◆ **Information given**
● ● ●

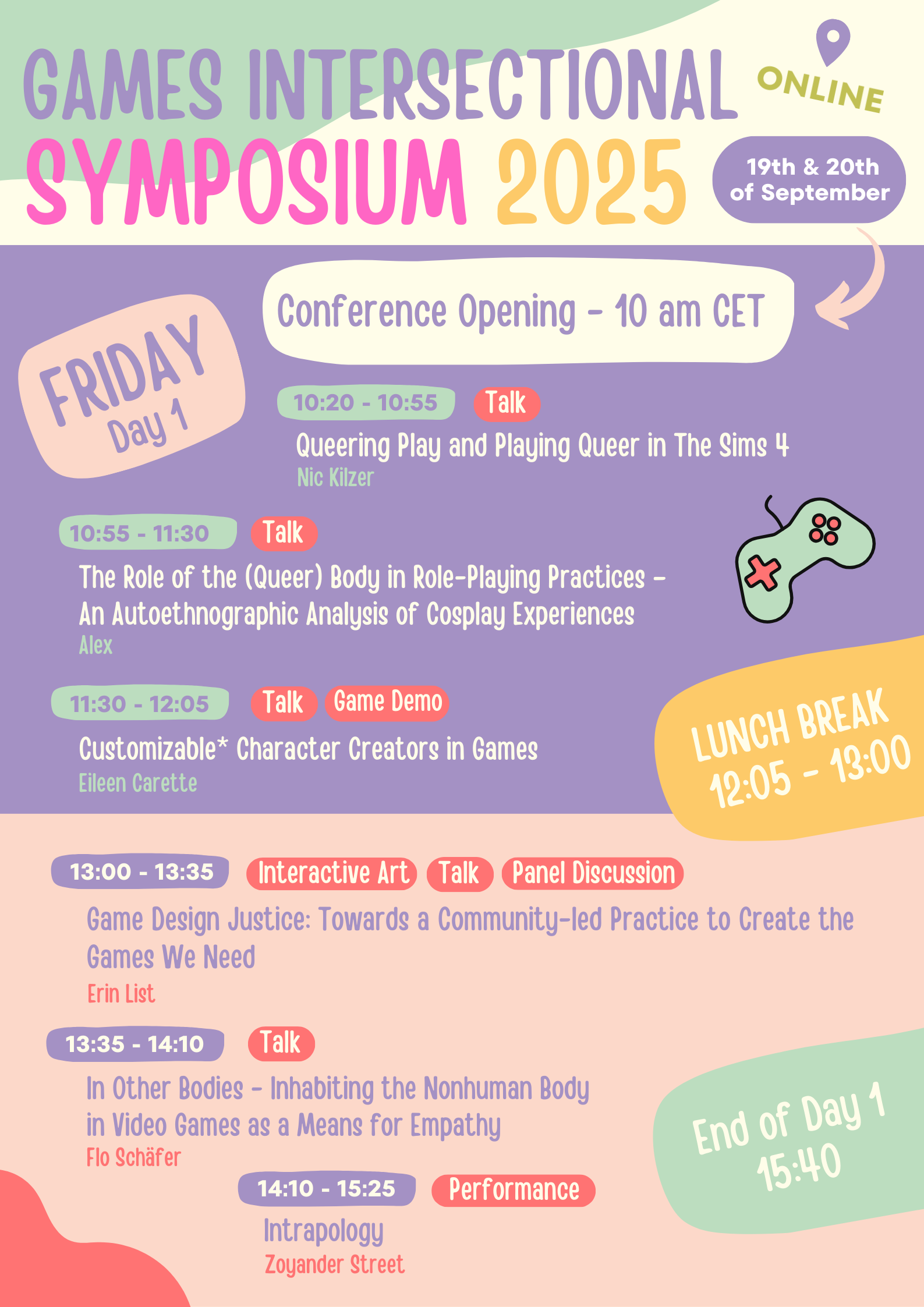 Day 1 poster: Games Intersectional Symposium 2025, Friday schedule with sessions from 10:00 to 15:40 including talks by Nic Kilzer, Alex; demo by Eileen Carette; talk by Flo Schäfer; performance Intrapology by Zoyander Street.
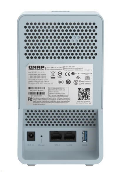 Pouze na pripojenie USB donglu úložiska pre FTP službu na smerovačiBluetooth Verzia 5 Zisk antény Bluetooth 2,3dBi Tlačidlo Reset, WPS Napájanie 12 V DC Spotreba energie 24 W Rozmery 68x100x175,5 mm Hmotnosť 0,44 kg Hmotnosť balenia 1,11 kg Prevádzková teplota 0°C ~ +40°C Prevázková vlhkosť 5 až 95 % bez kondenzácie Certifikácia JATE / CE / FCC / BSMI / NCC / IC / SRRC / VCCI / RCM / OFCA Wi-Fi Mesh ✓ (se trípásmovou) Riešenie QNAP SD-WAN, QuWAN ✓
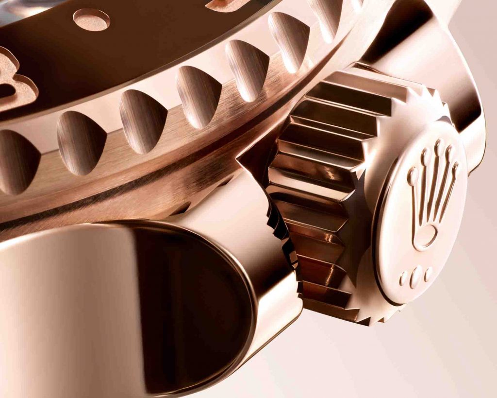Al igual que la versión estándar del modelo, el nuevo tigre de esfera de hierro replica Rolex GMT-Master II 126715CHNR «Root Beer» se hace a mano enteramente de 18 quilates de oro Everose sólido, que es propiedad de Rolex mezcla de oro rosa que ha sido diseñado específicamente para mantener su firma de color cálido. Como los componentes externos de la replica de reloj de lujo son idénticos, se obtiene la misma caja Oyster de 40 mm, con corona atornillada Triplock de Rolex y un fondo de rosca sólido, que ayudan a crear un sólido 100 metros de resistencia al agua. Del mismo modo, al igual que su contraparte negro-dial, la parte superior de la caja está amueblada por un cristal de zafiro con lente de aumento cíclope de Rolex, y que rodea el cristal es un bisel bidireccional equipado con un marrón y negro split-color insertar hecha de Cerachrom (material cerámico propiedad de Rolex).
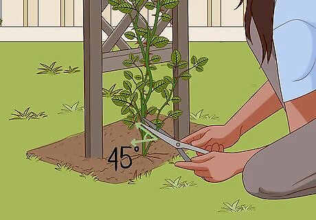 Cut back old canes and ones that are growing away from the trellis. Use your pruning shears to cut the canes at a 45-degree angle as close to the base as you can get. This will give the new spring growth a chance to get more sunlight. It may seem counterintuitive to cut away the oldest stems, but those are often the ones that are most susceptible to pests and diseases.Tip: Disinfect your shears with a 1:10 bleach-to-water solution before you start pruning.
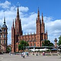 The Protestant Marktkirche ("market church") was built from 1852 to 1862 in a neo-Gothic style. Its western steeple is 92 metres (302 feet) in height, making the church the highest building in the city.
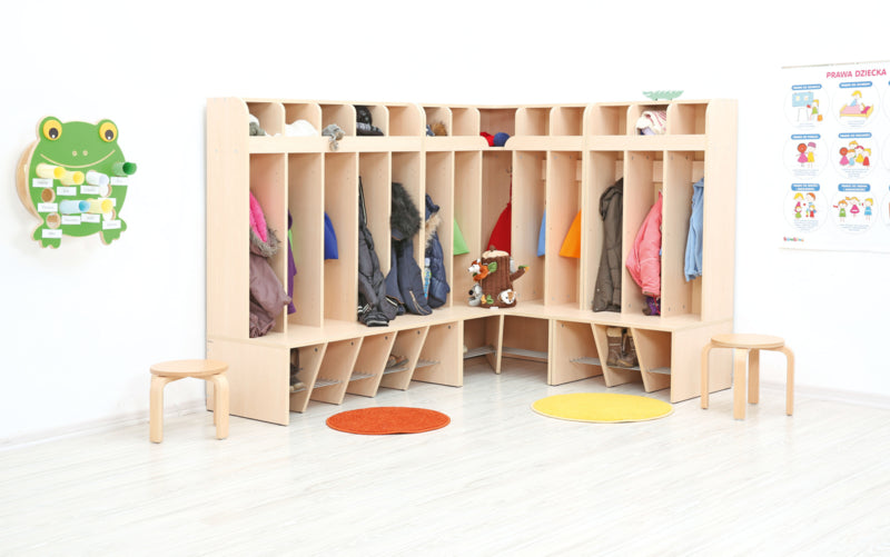 Garderobe gemaakt van gelamineerd spaanplaat in een esdoorn kleur en met haken voor kleding en zakken. Uitgerust met plank voor tassen of schoolspullen. Met mogelijkheid om een naam te plakken. Met open schoenenrek onder waardoor het schoonmaken eenvoudig is. De garderobe kan worden uitgerust met deuren (92960 - 92965, 100831 en 100957).

● ● ●

◆ **Prompt**
Pictures stay out, but everything else in the records must be output exactly.

◆ **Response to the task**
 Day 1 poster: Games Intersectional Symposium 2025, Friday schedule with sessions from 10:00 to 15:40 including talks by Nic Kilzer, Alex; demo by Eileen Carette; talk by Flo Schäfer; performance Intrapology by Zoyander Street.
 Pouze na pripojenie USB donglu úložiska pre FTP službu na smerovačiBluetooth Verzia 5 Zisk antény Bluetooth 2,3dBi Tlačidlo Reset, WPS Napájanie 12 V DC Spotreba energie 24 W Rozmery 68x100x175,5 mm Hmotnosť 0,44 kg Hmotnosť balenia 1,11 kg Prevádzková teplota 0°C ~ +40°C Prevázková vlhkosť 5 až 95 % bez kondenzácie Certifikácia JATE / CE / FCC / BSMI / NCC / IC / SRRC / VCCI / RCM / OFCA Wi-Fi Mesh ✓ (se trípásmovou) Riešenie QNAP SD-WAN, QuWAN ✓
Al igual que la versión estándar del modelo, el nuevo tigre de esfera de hierro replica Rolex GMT-Master II 126715CHNR «Root Beer» se hace a mano enteramente de 18 quilates de oro Everose sólido, que es propiedad de Rolex mezcla de oro rosa que ha sido diseñado específicamente para mantener su firma de color cálido. Como los componentes externos de la replica de reloj de lujo son idénticos, se obtiene la misma caja Oyster de 40 mm, con corona atornillada Triplock de Rolex y un fondo de rosca sólido, que ayudan a crear un sólido 100 metros de resistencia al agua. Del mismo modo, al igual que su contraparte negro-dial, la parte superior de la caja está amueblada por un cristal de zafiro con lente de aumento cíclope de Rolex, y que rodea el cristal es un bisel bidireccional equipado con un marrón y negro split-color insertar hecha de Cerachrom (material cerámico propiedad de Rolex).
 Cut back old canes and ones that are growing away from the trellis. Use your pruning shears to cut the canes at a 45-degree angle as close to the base as you can get. This will give the new spring growth a chance to get more sunlight. It may seem counterintuitive to cut away the oldest stems, but those are often the ones that are most susceptible to pests and diseases.Tip: Disinfect your shears with a 1:10 bleach-to-water solution before you start pruning.
 The Protestant Marktkirche ("market church") was built from 1852 to 1862 in a neo-Gothic style. Its western steeple is 92 metres (302 feet) in height, making the church the highest building in the city.
 Garderobe gemaakt van gelamineerd spaanplaat in een esdoorn kleur en met haken voor kleding en zakken. Uitgerust met plank voor tassen of schoolspullen. Met mogelijkheid om een naam te plakken. Met open schoenenrek onder waardoor het schoonmaken eenvoudig is. De garderobe kan worden uitgerust met deuren (92960 - 92965, 100831 en 100957).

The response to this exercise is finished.